[Dataset entries]
○ ○ ○ ○ ○

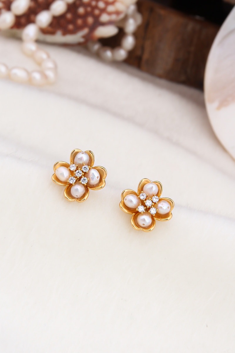 Orecchini con 4 zirconi e 4 perle di imitazione.
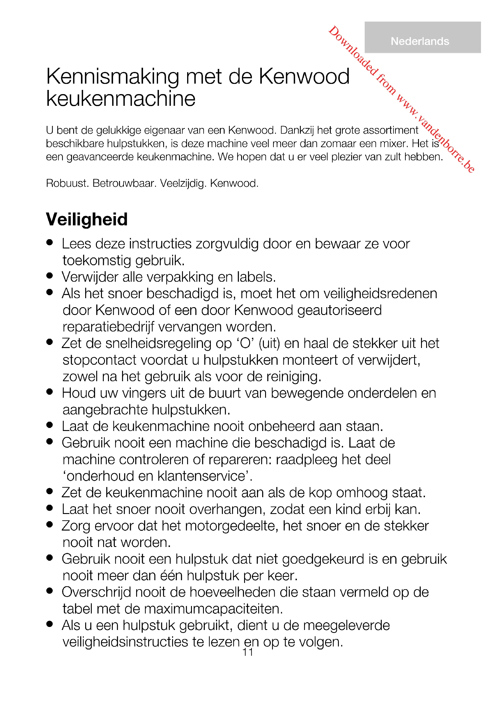 ELEKTRONISCHE APPARATUUR (AEEA) Aan het einde van de levensduur van het product mag het niet samen met het gewone huishoudelijke afval worden verwerkt. Het moet naar een speciaal centrum voor gescheiden afvalinzameling van de gemeente worden gebracht, of naar een verkooppunt dat deze service verschaft. Het apart verwerken van een huishoudelijk apparaat voorkomt mogelijke gevolgen voor het milieu en de gezondheid die door een ongeschikte verwerking ontstaan en zorgt ervoor dat de materialen waaruit het apparaat bestaat, teruggewonnen kunnen worden om een aanmerkelijke besparing van energie en grondstoffen te verkrijgen. Om op de verplichting tot gescheiden verwerking van elektrische huishoudelijke apparatuur te wijzen, is op het product het symbool van een doorgekruiste vuilnisbak aangebracht. Downloaded from www.vandenborre.beDécouvrez votre robot pâtissier multifonction Kenwood Nous tenons à vous féliciter d’avoir porté votre choix sur un robot Kenwood. Avec un tel éventail d’accessoires, votre robot de cuisine est bien plus qu’un simple robot pâtissier. Vous bénéficiez du robot pâtissier multifonction le plus perfectionné à ce jour. Nous espérons qu’il vous apportera pleine satisfaction. Robuste. Fiable. Polyvalent. Kenwood.
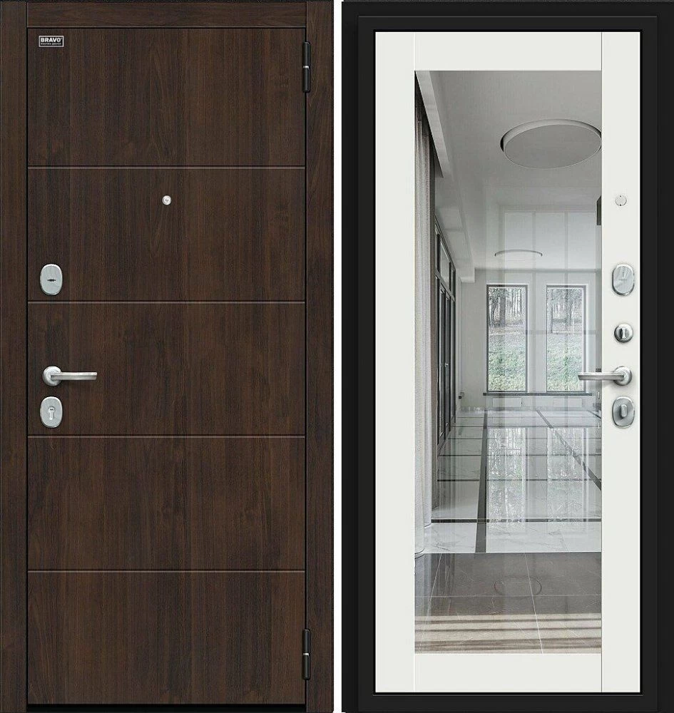 Надежная входная Дверь Браво Флэт Kale Almon/Off-white премиум класса по цене 41 883 руб. Большая толщина стали защитит от проникновения в ваш дом, квартиру или коттедж. Используется очень качественная фурнитура: замки, цилиндры, ручки, защелки. Покрытие и отделка двери изготовлено под внимательным контролем производителя. Дверь имеет долгий срок службы и гарантию.
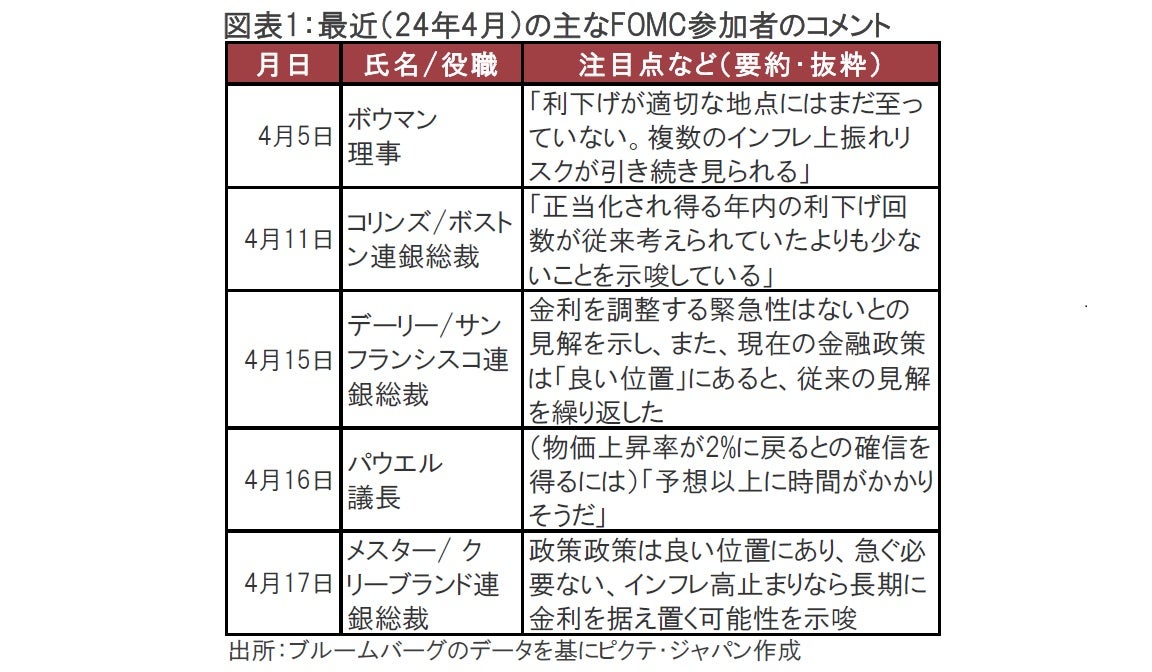ベージュブックは次回のFOMC(4月30日-5月1日開催)の検討資料の1つです。市場やFOMC参加者のインフレに対する懸念を高めたとみられる3月の米消費者物価指数(CPI、10日発表)前の情報をもとにベージュブックが作成されていることを踏まえれば、ベージュブックのトーンがややハト派(金融緩和を選好)的で、最近のFOMC参加者のタカ派(金融引き締めを選好)発言(図表1参照)と違いがある点はある程度説明されるでしょう。
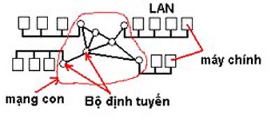 Hầu hết các WAN bao gồm nhiều đường cáp hay là đường dây điện thoại, mỗi đường dây như vậy nối với một cặp bộ định tuyến. Nếu hai bộ định tuyến không nối chung đường dây thì chúng sẽ liên lạc nhau bằng cách gián tiếp qua nhiều bộ định truyến trung gian khác. Khi bộ định tuyến nhận được một gói dữ liệu thì nó sẽ chứa gói này cho đến khi đường dây ra cần cho gói đó được trống thì nó sẽ chuyển gói đó đi. Trường hợp này ta gọi là nguyên lý mạng con điểm nối điểm, hay nguyên lý mạng con lưu trữ và chuyển tiếp (store-and-forward), hay nguyên lý mạng con nối chuyển gói.
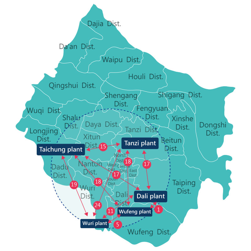 There are a total of 125 mixer trucks available for use within Central Taiwan plants.
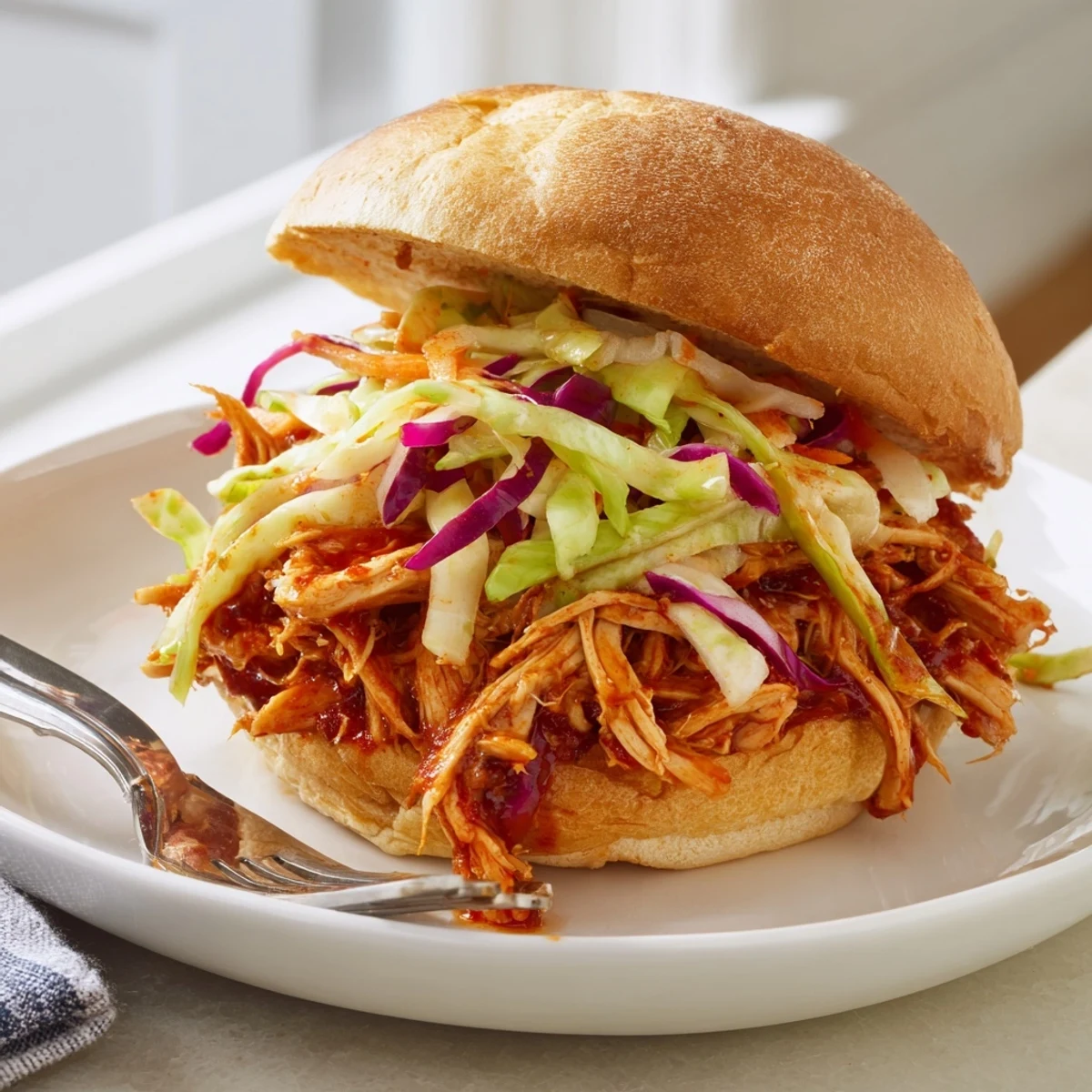 - Häufe das gezogene Barbecue-Hähnchen auf die unteren Brötchenhälften, gib großzügig Krautsalat darauf und setze die oberen Hälften auf. Serviere sofort, solange alles noch warm ist.
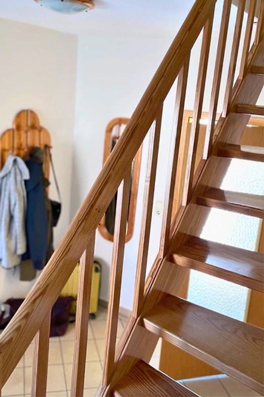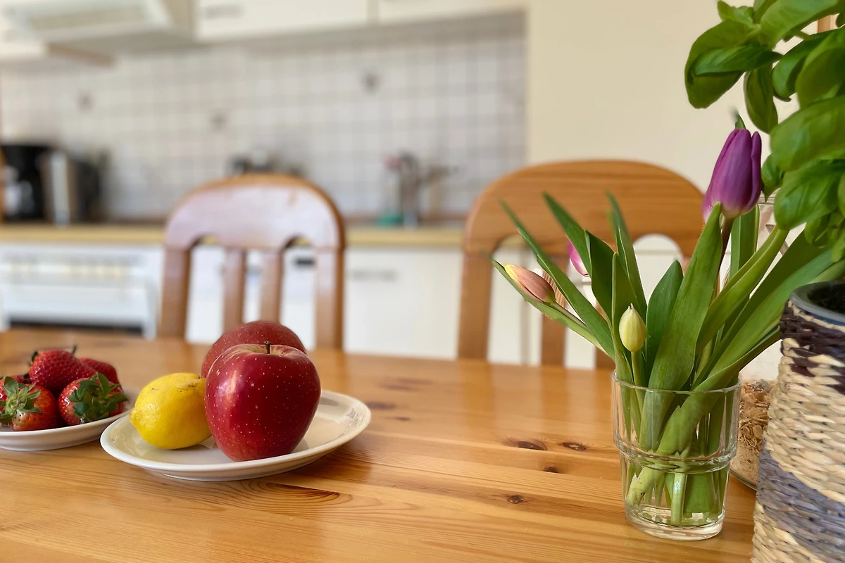Auf rund 65 m² findest du auf zwei Etagen alles, was du für deinen Urlaub brauchst. Im Erdgeschoss erwartet dich ein heller, einladender Wohnraum mit einer gut ausgestatteten Küchenzeile, einer gemütlichen Sitzecke und einem Duschbad – ideal für deinen entspannten Start in den Tag.
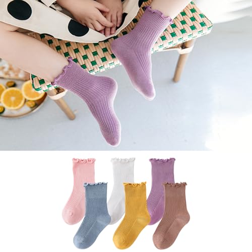 DEEKEY Baby Girls Socks Toddler Ruffle Socks Girls Frilly Lace Dress Socks Cotton Crew Socks 6
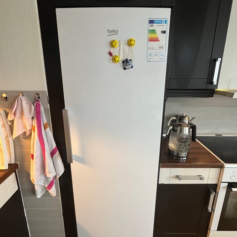Passer som frittstående kombiskap på kjøkken eller i bod, med separat kjøle- og frysedel i ett skap.
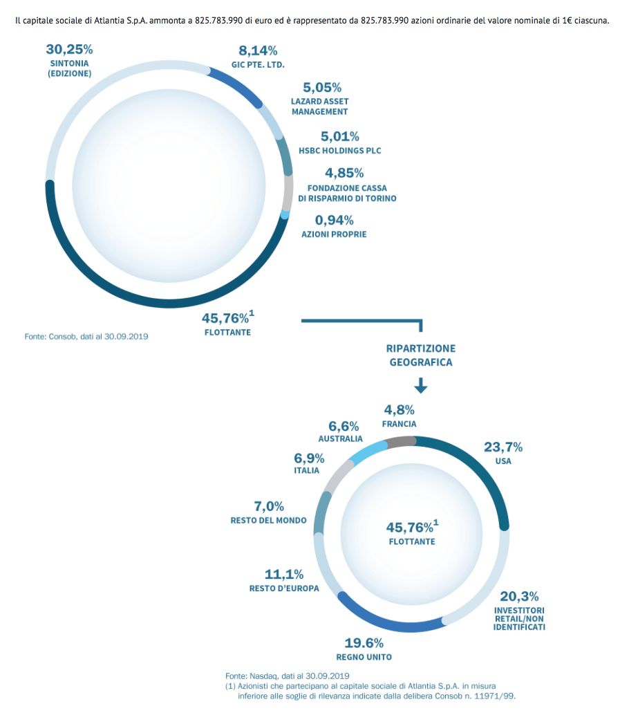 Oggi Autostrade è controllata al 100% da Atlantia S.p.A. di cui i Benetton detengono la maggioranza azionaria – il 30,25% – attraverso Sintonia S.p.A., subholding di Edizione S.r.l.“.
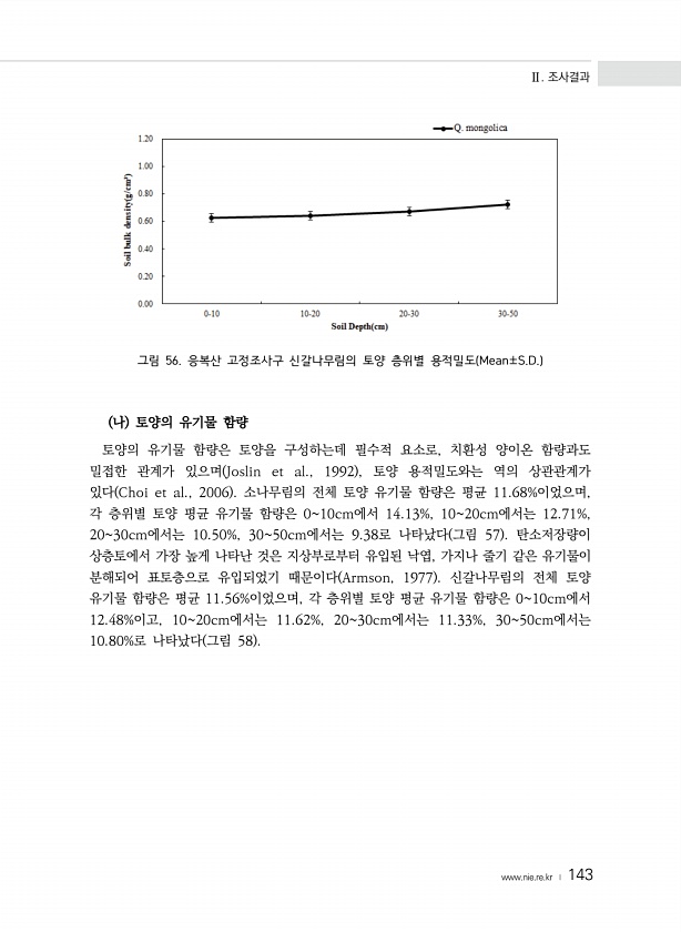 Ⅱ. 조사결과 www.nie.re.kr ? 143 그림 56. 응복산 고정조사구 신갈나무림의 토양 층위별 용적밀도 Mean±S.D. 나 토양의 유기물 함량 토양의 유기물 함량은 토양을 구성하는데 필수적 요소로, 치환성 양이온 함량과도 밀접한 관계가 있으며 Joslin et al., 1992 , 토양 용적밀도와는 역의 상관관계가 있다 Choi et al., 2006 소나무림의 전체 토양 유기물 함량은 평균 11.68%이었으며, 각 층위별 토양 평균 유기물 함량은 010cm에서 14.13%, 1020cm에서는 12.71%, 2030cm에서는 10.50%, 3050cm에서는 9.38로 나타났다 그림 57 탄소저장량이 상층토에서 가장 높게 나타난 것은 지상부로부터 유입된 낙엽, 가지나 줄기 같은 유기물이 분해되어 ...
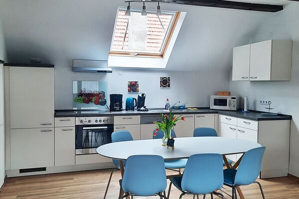 - Kücheneinrichtung: Herdplatte, Backofen, Kühlschrank mit Eisfach, Mikrowelle, Kaffeemaschine (mit Filter oder Senseo), Wasserkocher, Toaster, Spülmaschine.
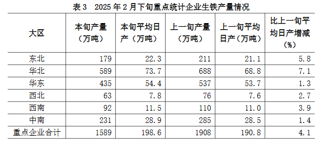 2月下旬六大地區(qū)重點統(tǒng)計企業(yè)生鐵日產(chǎn)量較上一旬均有不同程度增長(詳見表3),具體為:
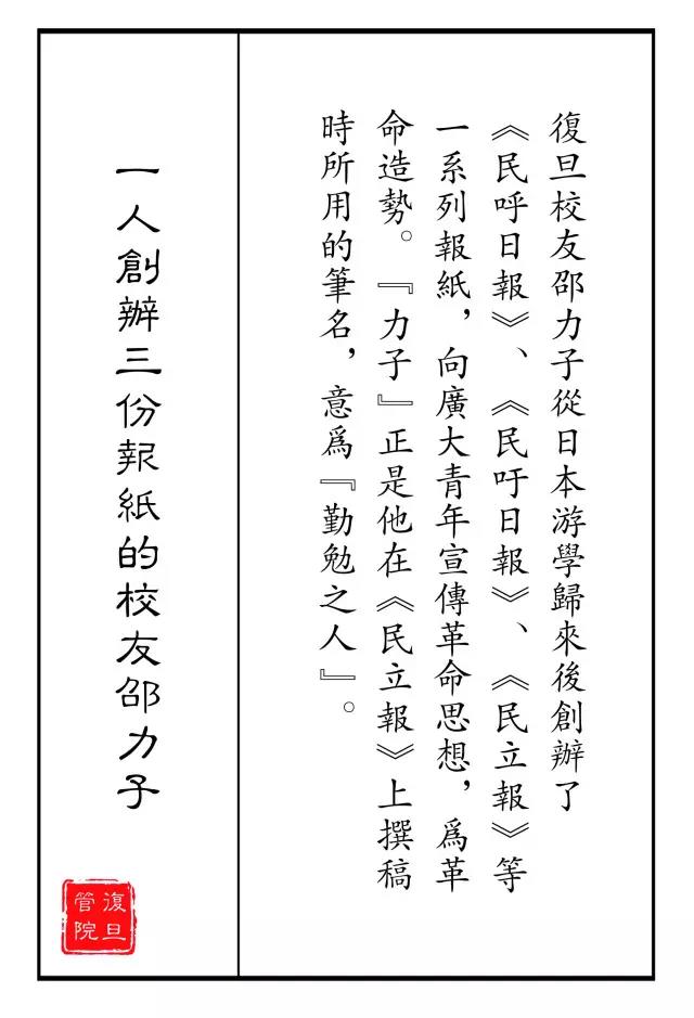复旦校友邵力子(1882年~1967年)从日本游学归来后创办了《民呼日报》、《民吁日报》、《民立报》等一系列报纸,向广大青年宣传革命思想,为革命造势。

○ ○ ○ ○ ○

■ **TASK ITEM**:
Leave the pictures out. Extract exactly the lines running from the one with "- Kücheneinrichtung: Herdplatte, Backofen, Kühlschrank" through the last entry, both ends included.

■ **SOLUTION TO THE PROBLEM**:
 - Kücheneinrichtung: Herdplatte, Backofen, Kühlschrank mit Eisfach, Mikrowelle, Kaffeemaschine (mit Filter oder Senseo), Wasserkocher, Toaster, Spülmaschine.
 2月下旬六大地區(qū)重點統(tǒng)計企業(yè)生鐵日產(chǎn)量較上一旬均有不同程度增長(詳見表3),具體為:
复旦校友邵力子(1882年~1967年)从日本游学归来后创办了《民呼日报》、《民吁日报》、《民立报》等一系列报纸,向广大青年宣传革命思想,为革命造势。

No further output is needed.